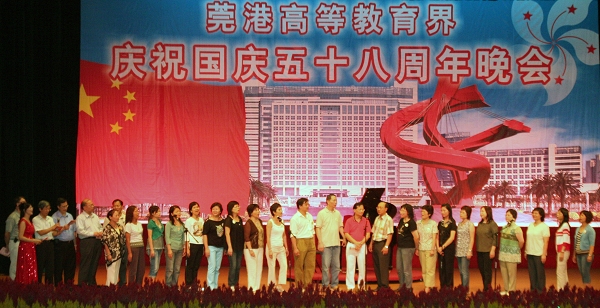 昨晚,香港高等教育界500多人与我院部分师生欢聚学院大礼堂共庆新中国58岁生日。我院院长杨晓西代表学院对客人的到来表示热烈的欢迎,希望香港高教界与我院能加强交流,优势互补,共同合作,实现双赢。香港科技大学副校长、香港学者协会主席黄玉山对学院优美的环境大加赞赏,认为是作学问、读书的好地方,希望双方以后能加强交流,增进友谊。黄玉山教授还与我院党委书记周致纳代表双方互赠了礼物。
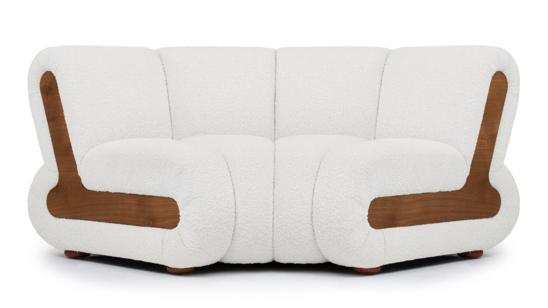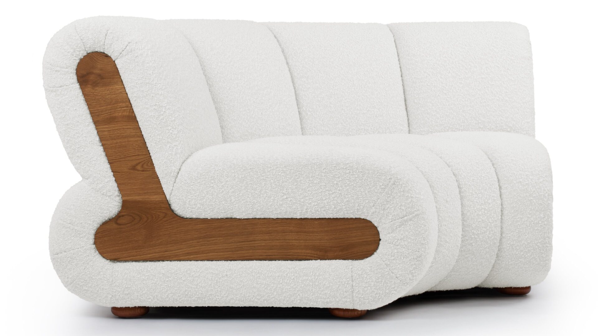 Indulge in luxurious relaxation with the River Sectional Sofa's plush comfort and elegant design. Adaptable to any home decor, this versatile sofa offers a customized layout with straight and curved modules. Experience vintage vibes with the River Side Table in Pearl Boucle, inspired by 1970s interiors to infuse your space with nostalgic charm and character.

==

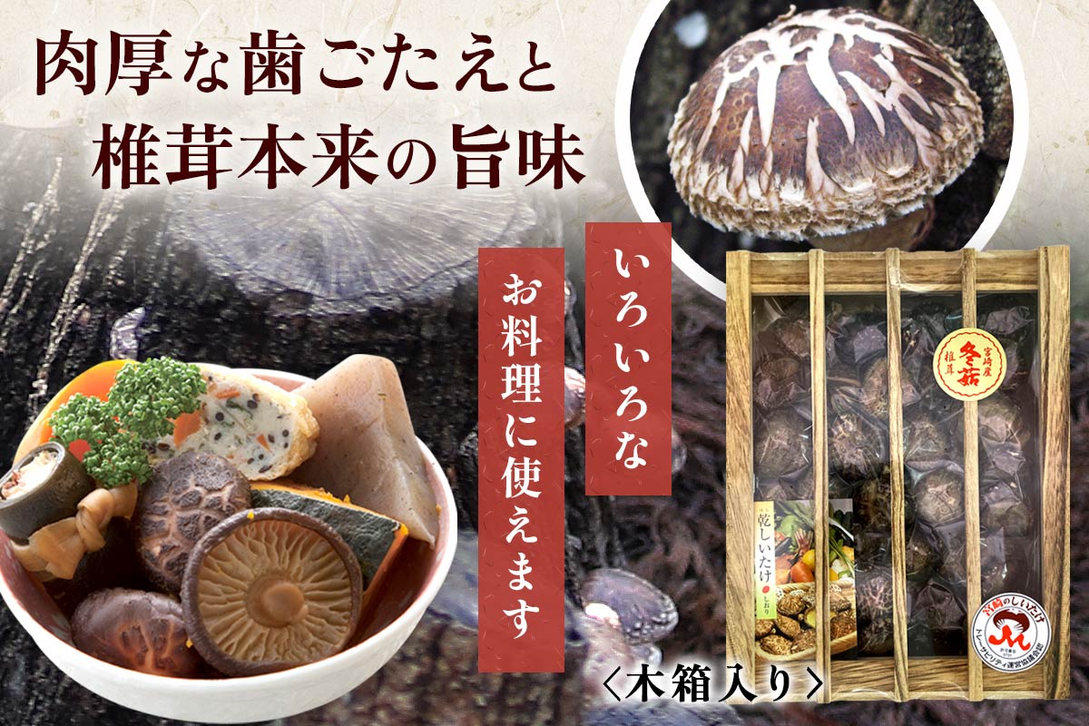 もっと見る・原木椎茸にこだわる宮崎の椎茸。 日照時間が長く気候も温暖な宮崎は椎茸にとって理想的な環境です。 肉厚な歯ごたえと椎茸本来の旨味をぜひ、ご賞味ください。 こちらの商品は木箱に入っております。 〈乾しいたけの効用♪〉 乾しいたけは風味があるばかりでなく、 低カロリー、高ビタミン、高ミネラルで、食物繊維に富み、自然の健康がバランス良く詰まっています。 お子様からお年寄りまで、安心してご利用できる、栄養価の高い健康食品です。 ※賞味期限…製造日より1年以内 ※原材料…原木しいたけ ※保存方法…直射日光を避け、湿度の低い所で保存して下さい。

▶ **Exercise goal**: Range to copy from the listing above: the line containing "昨晚,香港高等教育界500多" down to the line containing "Indulge in luxurious", both included. Reproduce it exactly, minus the pictures, and add nothing.

▶ **Answer for this exercise**:
 昨晚,香港高等教育界500多人与我院部分师生欢聚学院大礼堂共庆新中国58岁生日。我院院长杨晓西代表学院对客人的到来表示热烈的欢迎,希望香港高教界与我院能加强交流,优势互补,共同合作,实现双赢。香港科技大学副校长、香港学者协会主席黄玉山对学院优美的环境大加赞赏,认为是作学问、读书的好地方,希望双方以后能加强交流,增进友谊。黄玉山教授还与我院党委书记周致纳代表双方互赠了礼物。
 Indulge in luxurious relaxation with the River Sectional Sofa's plush comfort and elegant design. Adaptable to any home decor, this versatile sofa offers a customized layout with straight and curved modules. Experience vintage vibes with the River Side Table in Pearl Boucle, inspired by 1970s interiors to infuse your space with nostalgic charm and character.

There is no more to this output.